■ **ACTION ITEM**
For the data that follows, print the line with "Un pavillon de", the line with "ELECTRICAL WIRING HARNESS", and all lines between them, exactly as they stand. Omit pictures and add nothing.
(Beginning of SUPPLIED DATA)
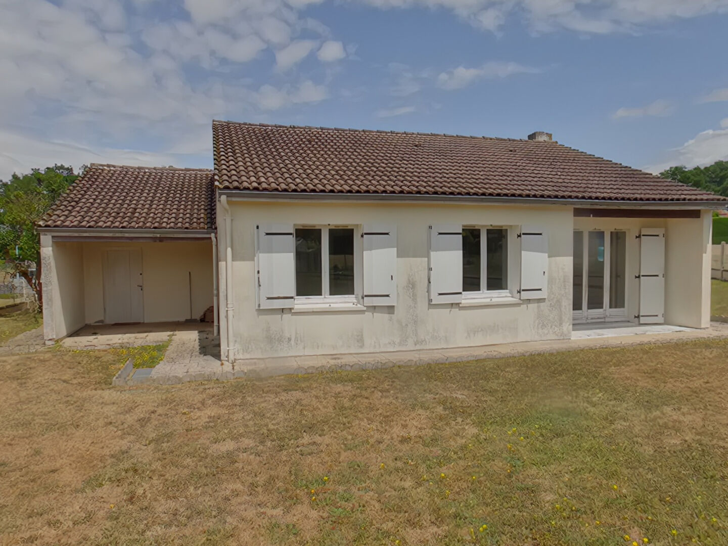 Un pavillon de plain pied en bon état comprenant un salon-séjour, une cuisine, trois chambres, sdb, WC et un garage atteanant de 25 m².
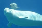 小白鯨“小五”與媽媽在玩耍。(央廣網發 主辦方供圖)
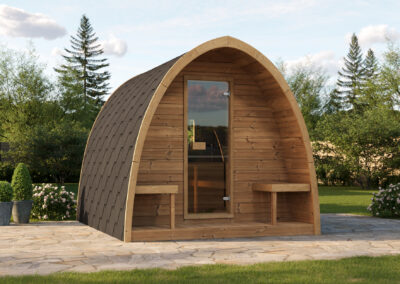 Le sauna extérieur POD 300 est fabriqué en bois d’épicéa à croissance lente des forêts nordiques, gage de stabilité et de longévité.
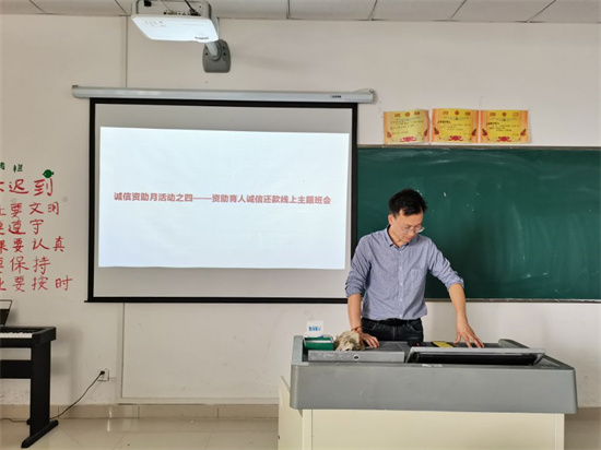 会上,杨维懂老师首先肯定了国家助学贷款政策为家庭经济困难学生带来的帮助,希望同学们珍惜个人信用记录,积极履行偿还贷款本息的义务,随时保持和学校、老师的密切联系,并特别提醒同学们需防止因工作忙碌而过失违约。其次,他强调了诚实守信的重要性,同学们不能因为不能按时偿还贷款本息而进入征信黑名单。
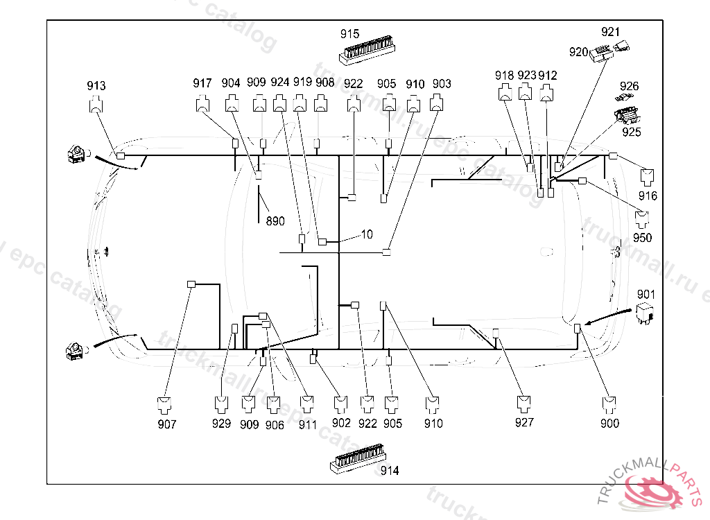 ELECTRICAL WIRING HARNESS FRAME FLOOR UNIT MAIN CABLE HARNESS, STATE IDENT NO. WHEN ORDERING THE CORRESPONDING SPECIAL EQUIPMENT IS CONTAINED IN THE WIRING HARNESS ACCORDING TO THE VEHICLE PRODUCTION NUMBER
(End of SUPPLIED DATA)
(Beginning of SUPPLIED DATA)
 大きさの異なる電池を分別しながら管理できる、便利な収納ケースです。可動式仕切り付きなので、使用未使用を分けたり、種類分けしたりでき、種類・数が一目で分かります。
(End of SUPPLIED DATA)
■ **SOLVED PROBLEM**
 Un pavillon de plain pied en bon état comprenant un salon-séjour, une cuisine, trois chambres, sdb, WC et un garage atteanant de 25 m².
 小白鯨“小五”與媽媽在玩耍。(央廣網發 主辦方供圖)
 Le sauna extérieur POD 300 est fabriqué en bois d’épicéa à croissance lente des forêts nordiques, gage de stabilité et de longévité.
 会上,杨维懂老师首先肯定了国家助学贷款政策为家庭经济困难学生带来的帮助,希望同学们珍惜个人信用记录,积极履行偿还贷款本息的义务,随时保持和学校、老师的密切联系,并特别提醒同学们需防止因工作忙碌而过失违约。其次,他强调了诚实守信的重要性,同学们不能因为不能按时偿还贷款本息而进入征信黑名单。
 ELECTRICAL WIRING HARNESS FRAME FLOOR UNIT MAIN CABLE HARNESS, STATE IDENT NO. WHEN ORDERING THE CORRESPONDING SPECIAL EQUIPMENT IS CONTAINED IN THE WIRING HARNESS ACCORDING TO THE VEHICLE PRODUCTION NUMBER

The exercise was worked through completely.